After choosing the paraffin blocks that met the selection criteria, from each paraffin block, 2 new slides (3 um) were made without any special adherence additive by a conventional rotating microtome and they were processed by the following algorithm.
They were taken to a stove for 20 minutes at 85°C. Subsequently, slides were immersed in xylene (2 changes) for 5 minutes each one. After that, they were immersed in absolute alcohol (2 changes) and 96° alcohol (2 changes) for 5 minutes each one, the hydration was finished by tap water for 1 minute. Then, Alcian blue stain at pH 2.5 and pH 0.5 were applied by drops for 5 minutes and 10 minutes, respectively.

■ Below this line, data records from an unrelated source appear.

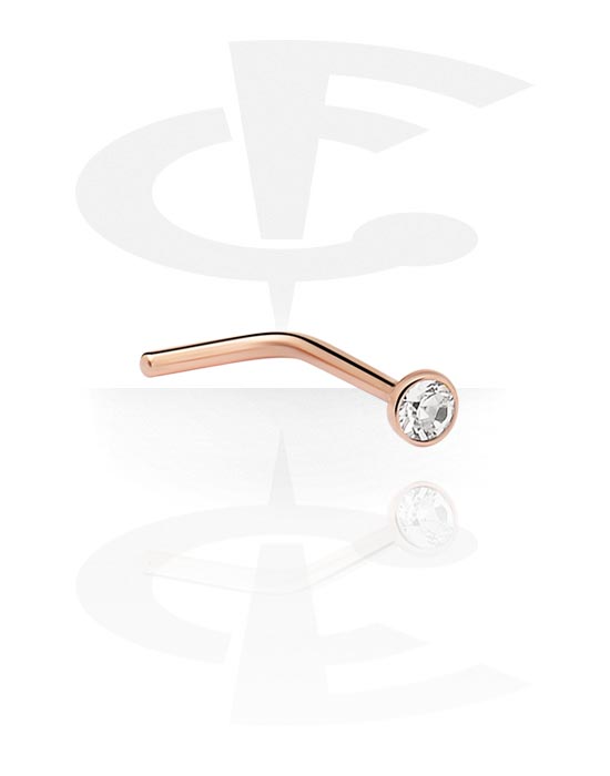 Nosovka ve tvaru L (chirurgická ocel, růžové zlato, lesklý povrch) s krystalovým kamínkem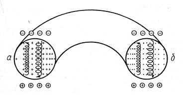 Как видно из рис.7, на котором изображен разрез тороидальной ловушки, и градиентный, и центробежный дрейфы вызывают движение зарядов одного знака в одну и ту же сторону (положительные заряды дрейфуют вниз, а отрицательные - вверх). Возникает разделение зарядов: вверху образуется избыток отрицательных зарядов, а внизу - положительных. Это приводит к появлению электрического поля, которое перпендикулярно магнитному полю. А возникшее электрическое поле вызывает электрический дрейф частиц, и плазма как целое устремляется к наружной стенке - и гибнет. Итак, надежды удержать плазму в простой тороидальной ловушке не оправдываются.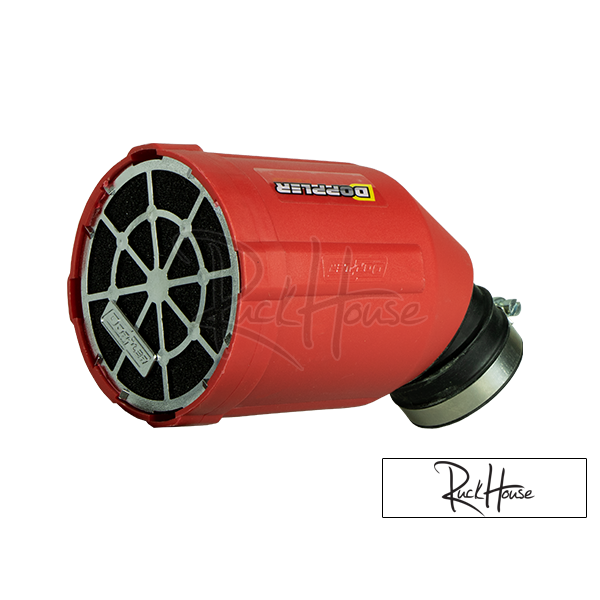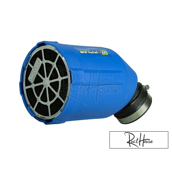 Very likely to be one of the most advanced airfilters on the market. Doppler has designed a system utilising the so-called venturi effect. What does that mean? The idea is that by reducing the effective flow-area in precisely defined places, one reduces the suction needed to start an airflow. Just think of different straws, one with too small a flow area (diameter of say half a millimeter) you will find it difficult to suck your drink through, with a straw of a diameter of 5 cm again you will notice that suction poses problems. Flow areas too small as well as those too large require loads of suction forces, and that's something our 70cc engines can't really supply by the truckload. Doppler has set out to solve this problem, their filter comes with a second insert to adjust it to the use with any carb between 12mm and 21. And though it has not been mentioned yet: the venturi design also helps to keep the noise down as much as possible.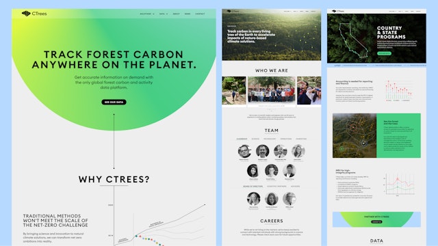 Pentagram’s Giorgia Lupi and team were invited to help bring the CTrees mission to life through a complete redesign of their digital presence. The challenge was twofold: the team had to evolve the organization’s existing brand identity as well as find a new visual language for representing the complexity and beauty of CTrees’ work - a portfolio that encompasses data collection, mapping, and climate analysis all wrapped into one.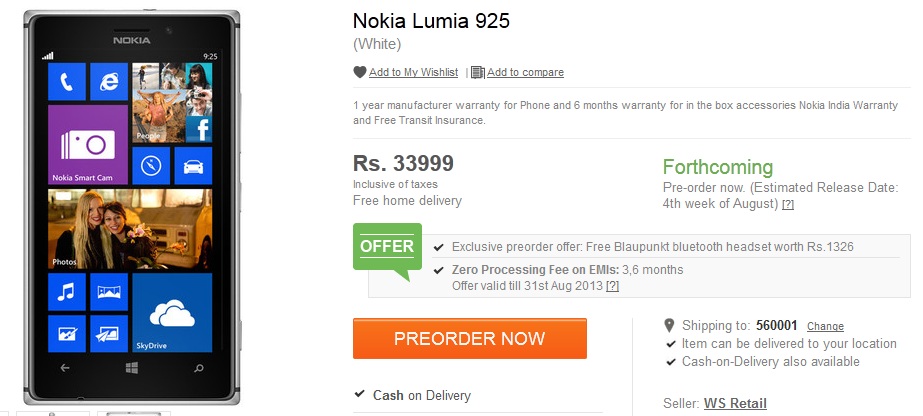 Lumia 925 has now gone on pre-order in India. Major retailer Flipkart like all times is the first one to place it on pre-order. It is priced 33999 INR (560 USD) which is really less than what we expected but in line with Nokia’s pricing of Lumia 925 in China, where it went for a price equal to Lumia 920’s current price. Expected delivery is mentioned as 4th week of August, hence expect official Nokia shop and retail stores to get the stock sooner than 4th week of August.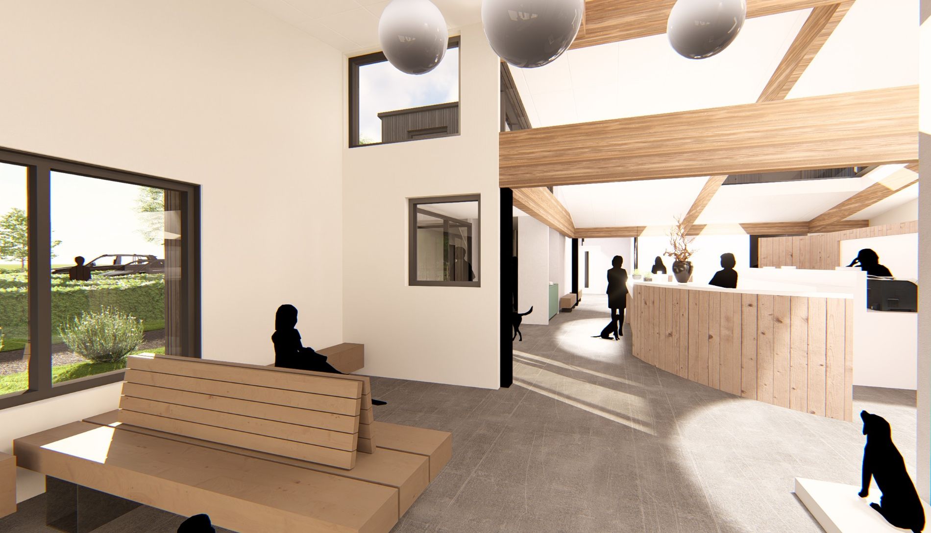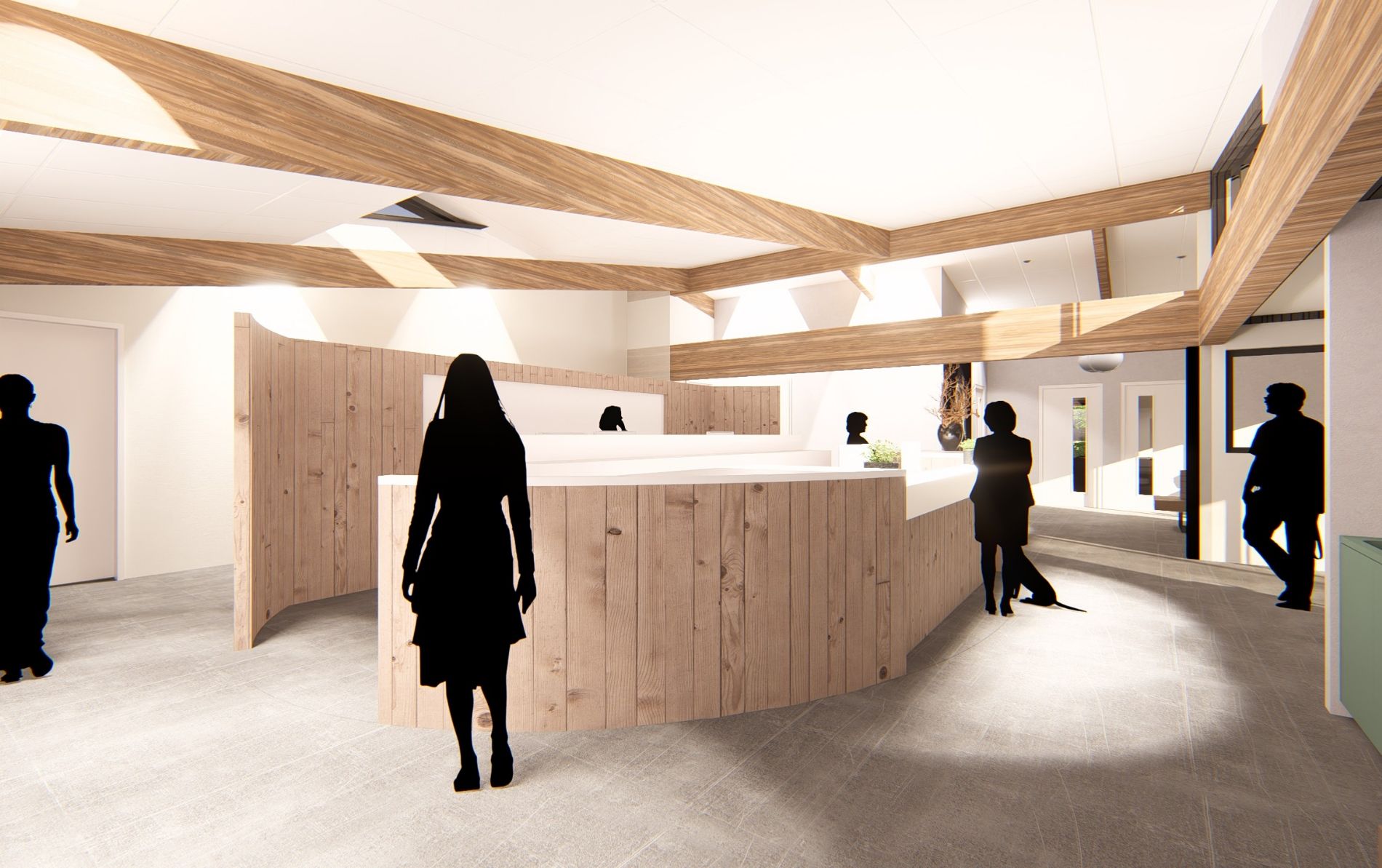 De centrale open balie in het hart van de praktijk versterkt dit beeld en vormt de kern van de praktijk .

The contrast protocol consisted of washing the slides by tap water for 30 seconds and counterstained with Harris’s hematoxylin for 1 minute, after that, they were washed again by tap water for 30 seconds. Then, they were quickly differentiated (5 seconds) by 1% acid alcohol, washed by tap water for 1 minute, immersed in 0.3% ammonia water for 30 seconds and washed by tap water for 1 minute again.
Finally, the slides were dried by a fan for 5-7 minutes and were mounted by synthetic Canada balsam. Note: Positive (duodenum for Alcian Blue at pH 2.5 value and windpipe for Alcian Blue at pH 0.5 value) and negative (Spleen or Liver for both Alcian Blue) tissue controls were added to the slides previously.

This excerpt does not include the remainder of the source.